Been finding the need to do some of my own rigging lately, hiring it out has gotten problematic, not the expense but the timing...

Anyway I've ran the cast aluminum Birminghams, and curenty have cast set of Mallory's, have a set of ancient looks to be hand forged gaffs with a homemade pad they where ok but more then a little dull...

So the problem I have is that where all the gaffs I've used before ride is right where I crushed my leg a number of years ago, or where the screws that hold me together are driven through. Not exactly fun...

What I'm looking for is something with a solid pad and super squirshy foam, that covers a large part of the inner shin. Any recommendations or something that comes in a better size for my giant legs.. the Mallory's are a little on the skinny side.

The second question is them little plates that fit on top of the gaffs for the boot to ride on are they worth the effort? This is mostly cause the foot that got crushed is also wired wrong so the muscles don't really work right, I figure the extra support might be worth it.

Thanks gents, I realize I'm trespassing a bit.


----------



## TheJollyLogger (Oct 26, 2014)

What kind of rigging are you talking about?


----------



## bigremovals (Oct 26, 2014)

bucket truck haha


----------



## newsawtooth (Oct 26, 2014)

The Gecko spurs are worth the money. I can wear them with tennis shoes for hours. They can accommodate large legs as well. I'm not sure about the foot plates, never used them. If your foot is that banged up, they might be helpful if you have to spend a lot of time setting up rigging in a spar tree. Cadillac pads might be an options as well, but they don't have as much surface area as the pads on Geckos.


----------



## imagineero (Oct 26, 2014)

I didn't find the geckos to be wearable even for short periods of time. I tried modifying mine, the thread might give you some ideas.

http://www.arboristsite.com/community/threads/modifying-geckos.233939/

I ended up giving them away. Try to borrow gaffs from people around you to try if you can, it's such a personal thing... Much more so than a harness. Different pads make a huge difference, but again it's just what works for you. I tried the footpads once by borrowing them and found then really weird but definitely more support. Just couldn't feel anything, like trying to walk in ski boots or something.


----------



## northmanlogging (Oct 26, 2014)

TheJollyLogger said:


> What kind of rigging are you talking about?



Spars for yarding or just hanging a line in a leaner so they can be pulled over with the skidder.

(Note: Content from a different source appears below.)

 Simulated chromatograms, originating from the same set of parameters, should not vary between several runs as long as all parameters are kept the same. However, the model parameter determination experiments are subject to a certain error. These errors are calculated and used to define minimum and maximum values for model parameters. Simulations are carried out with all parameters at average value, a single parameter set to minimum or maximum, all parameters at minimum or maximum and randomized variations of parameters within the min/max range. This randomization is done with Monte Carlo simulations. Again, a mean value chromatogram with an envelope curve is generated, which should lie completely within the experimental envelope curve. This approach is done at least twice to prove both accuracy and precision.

I don't get involved in the big chunk down "arborist" type stuff, too much work and not enough money...



bigremovals said:


> bucket truck haha



Eat me...


----------



## TheJollyLogger (Oct 26, 2014)

That's what I figured. In that case I would reccomend the plates, amd probably cadilac pads for your sitiation. I don't like how stiff they feel, but your looking at a straight up straight down scenario. I'd also reccomend a figure eight or some othee descender to rappel down after you rig, because climbing down is hatder than up. A throwball and some practice will save a lot of climbing too... Jeff


----------



## BuckmasterStumpGrinding (Oct 26, 2014)

Get a big shot.


----------



## northmanlogging (Oct 26, 2014)

Been thinking on the throw ball thing, been using a shackle tied to some 1/2 rope... but a true throw ball would be better. 

And yeah I don't intend to mess around with hard woods much, our conifers tend to grow mostly in one direction so working my way through a maze of crotches and fatty limbs is not really on the agenda.

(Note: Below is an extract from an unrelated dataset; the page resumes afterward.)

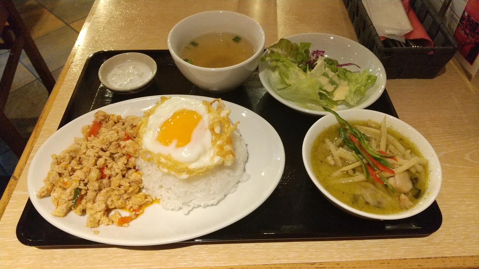 グリーンカレーとガパオライスセット 950円。名前の通りグリーンカレーとガパオライス、さらにスープ、サラダ、デザート付き。ガパオライスには目玉焼きもついてます。カレーもガパオも辛さは控えめですがちゃんとタイ料理の風味(激辛好きには物足りないかも知れませんが)。量も写真の通りたっぷり目で(某フードコートのタイ料理店は見習ってくれ…)、1,000円を切っているとは信じられない充実のランチです。他のランチセットも900円前後という大変コスパのよい店です。近くに東工大があるので学生さん向けに価格を抑えているのでしょうか?

Any luck with buckinghams "big bucker" pads, was eyeing a set at the saw shop today... seems like the metal collar bit could be a touch longer. Adjustable spikes would be a nice change of pace, I could maybe get the height right for once, rather then on the crushed bit or on the screws... pick yer poison...


----------



## northmanlogging (Oct 26, 2014)

TheJollyLogger said:


> That's what I figured. In that case I would reccomend the plates, amd probably cadilac pads for your sitiation. I don't like how stiff they feel, but your looking at a straight up straight down scenario. I'd also reccomend a figure eight or some othee descender to rappel down after you rig, because climbing down is hatder than up. A throwball and some practice will save a lot of climbing too... Jeff



Haven't used a decender in so long I can barely remember how they work. But its also on the list, as well as being able to tie myself off and sorts just sit in the saddle rather than trying to stand in the spikes and wait for whatever groundie to try and figure out a clove hitch or the difference between a choker and a shackle... 

coming down isn't so bad for me, its the just sitting there and wiggling the pads deeper... up is a ***** but only cause I could stand to loose about 80 pounds.


----------



## HuskStihl (Oct 26, 2014)

Jeff,
I think you should hire Northman to test the structural integrity of the trees you will be climbing again soon.

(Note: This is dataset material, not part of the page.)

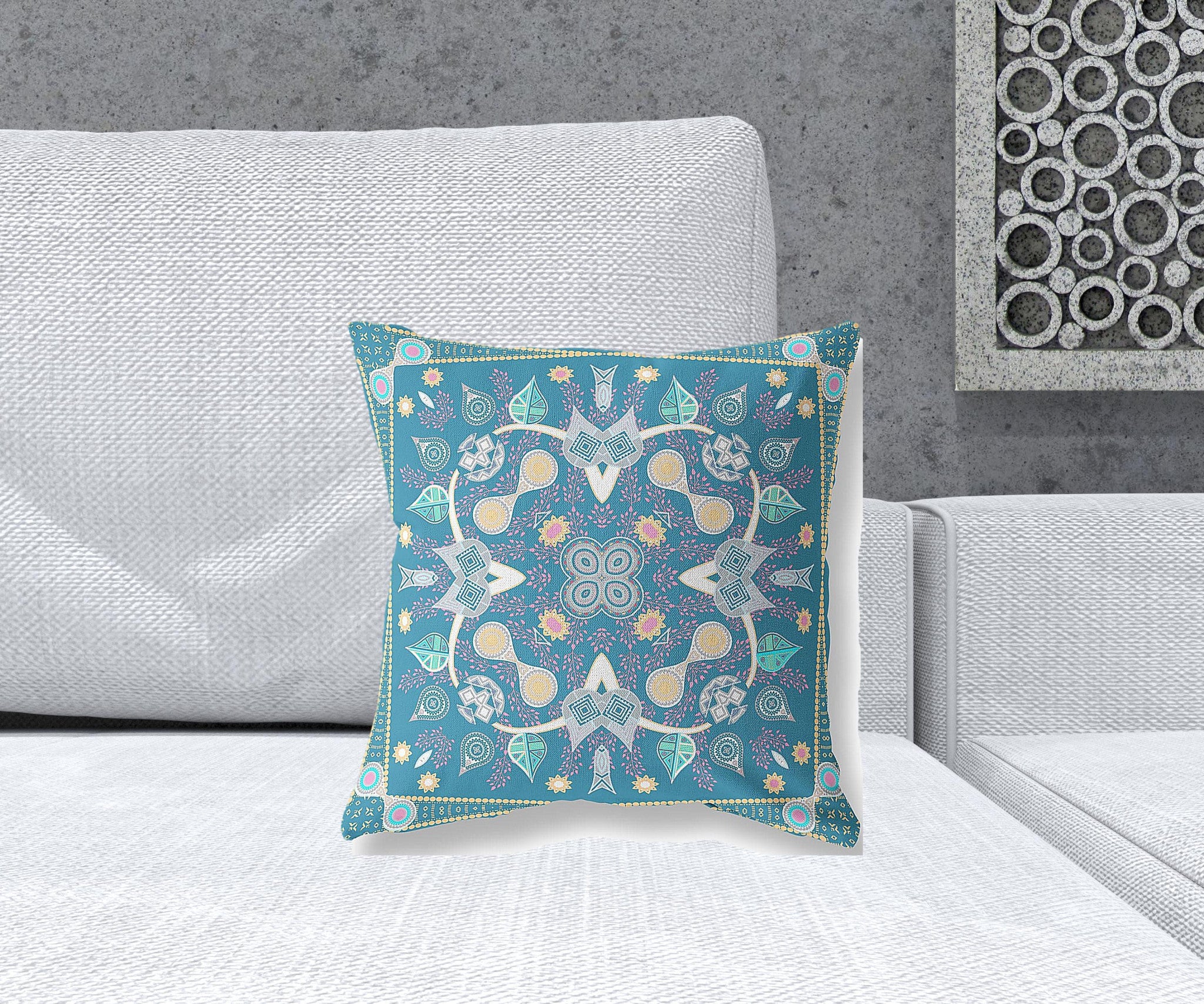 Unique and decorative, this comfortable 16" x 16" aqua blown seam floral indoor outdoor throw pillow will leave a lasting impression. This soft and durable decorative pillow is expertly made of high grade, long lasting broadcloth in a aqua coloration. A great decorative accessory to decorate indoors or out. Decorative throw pillows add some pizazz but can also be comfy and supportive when you are lounging. 5" H x 16" W x 16" D

I can get pretty high into a tree with a 3/4-1" socket and twine/monofilament, but I've got long monkey arms which are good at throwing light things far


----------



## BuckmasterStumpGrinding (Oct 26, 2014)

A big shot, throw bags and slick line is well under 200.


----------



## northmanlogging (Oct 26, 2014)

HuskStihl said:


> Jeff,
> I think you should hire Northman to test the structural integrity of the trees you will be climbing again soon.
> 
> I can get pretty high into a tree with a 3/4-1" socket and twine/monofilament, but I've got long monkey arms which are good at throwing light things far



No I think he should do all the testing himself thankyou, I'd like to stay out of ambulances for the foreseea... ever... got enough spare parts.


----------



## IcePick (Oct 27, 2014)

Don't waste your money with geckos or fancy caddy pad just get some kleins. Also, why come in here with such a holier than thou attitude? Based on your original post, according to the content and description of it anyway, I don't think big removals was giving you ****, but you assume he should already know who you are and what you do. Anyway, I would look into kleins. They are not heavy and bulky, the angles of the gaff prevent a heavy climber from going in to deep and spending too much energy getting them out.


----------



## TheJollyLogger (Oct 27, 2014)

Ummh, not sure who you're referring to, but I know exactly who he is and what he does, and wish I could do it half as well.


----------



## IcePick (Oct 27, 2014)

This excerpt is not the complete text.